When you reach the line that contains "So, I bought", begin copying exactly, and continue through the last line of the data; no pictures belong in the copy.

━━━ Source data ━━━

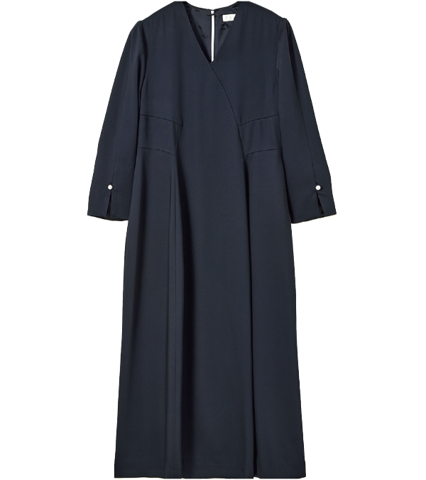 「トゥモローランドの展示会で見つけたこちらのドレスは、少しエッジがきいていて洒落感があります。袖にさり気なく付いているパールがタイプ」
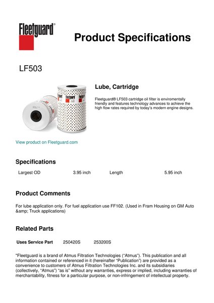 Fleetguard® LF503 cartridge oil filter is enviromentally friendly and features technology advances to achieve the high flow rates required by today’s modern engine designs.Specification
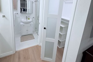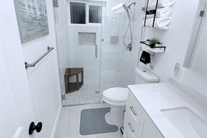 Primary Bedroom: Features a queen bed, a large smart TV, a dedicated workspace, and an en-suite bathroom with a modern, spa-style walk-in shower.
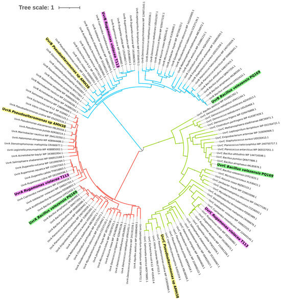 3.3. Phylogenetic Analysis of UV Resistance-Related Proteins
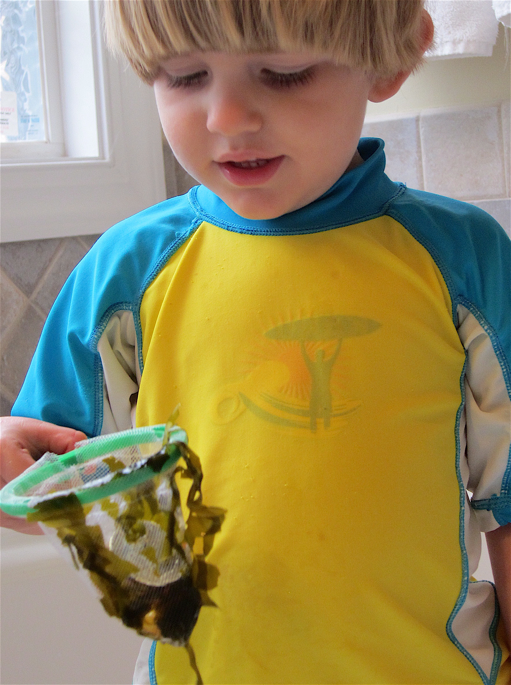 So, I bought some salad cut kelp (at Whole Foods) to help engage his interest so that he can learn to work with that slimy texture and not be quite so grossed out!
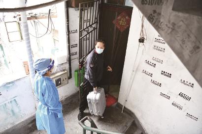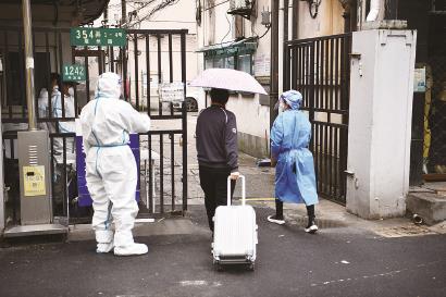 张女士在居委会工作人员陪伴下进入小区 本报记者 萧君玮 孙中钦 陈炅玮 摄影报道
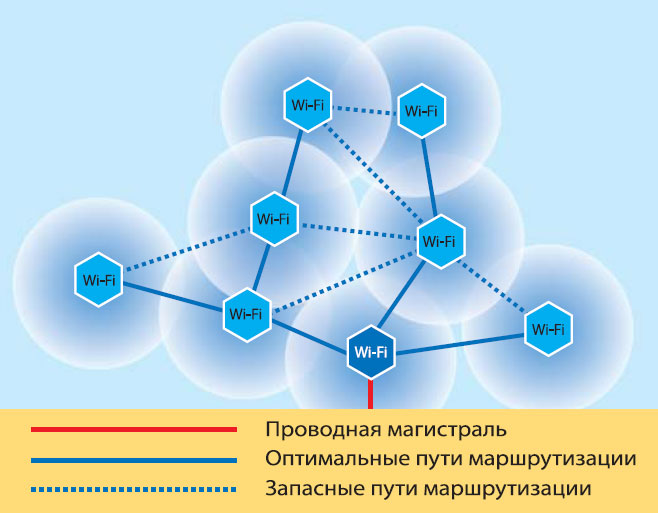 Последняя представила на рассмотрение IEEE и собственную разработку под названием Hybrid Mesh. Здесь маршрутизация может производиться либо по требованию (при этом маршруты прокладываются и поддерживаются только тогда, когда они нужны), либо с упреждением (каждый узел постоянно поддерживает маршруты ко всем возможным потребителям).
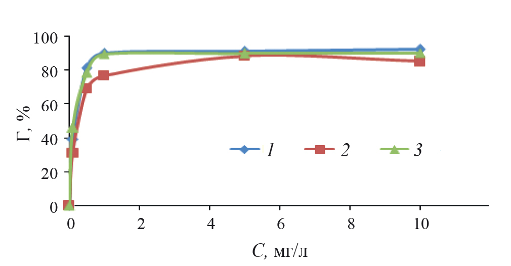 где Г – сорбционная способность, %; Сисх – исходная концентрация иона тяжелого металла, мг/мл; Ск – остаточная концентрация иона тяжелого металла, мг/мл.

━━━

== Your solution ==
 So, I bought some salad cut kelp (at Whole Foods) to help engage his interest so that he can learn to work with that slimy texture and not be quite so grossed out!
 张女士在居委会工作人员陪伴下进入小区 本报记者 萧君玮 孙中钦 陈炅玮 摄影报道
 Последняя представила на рассмотрение IEEE и собственную разработку под названием Hybrid Mesh. Здесь маршрутизация может производиться либо по требованию (при этом маршруты прокладываются и поддерживаются только тогда, когда они нужны), либо с упреждением (каждый узел постоянно поддерживает маршруты ко всем возможным потребителям).
 где Г – сорбционная способность, %; Сисх – исходная концентрация иона тяжелого металла, мг/мл; Ск – остаточная концентрация иона тяжелого металла, мг/мл.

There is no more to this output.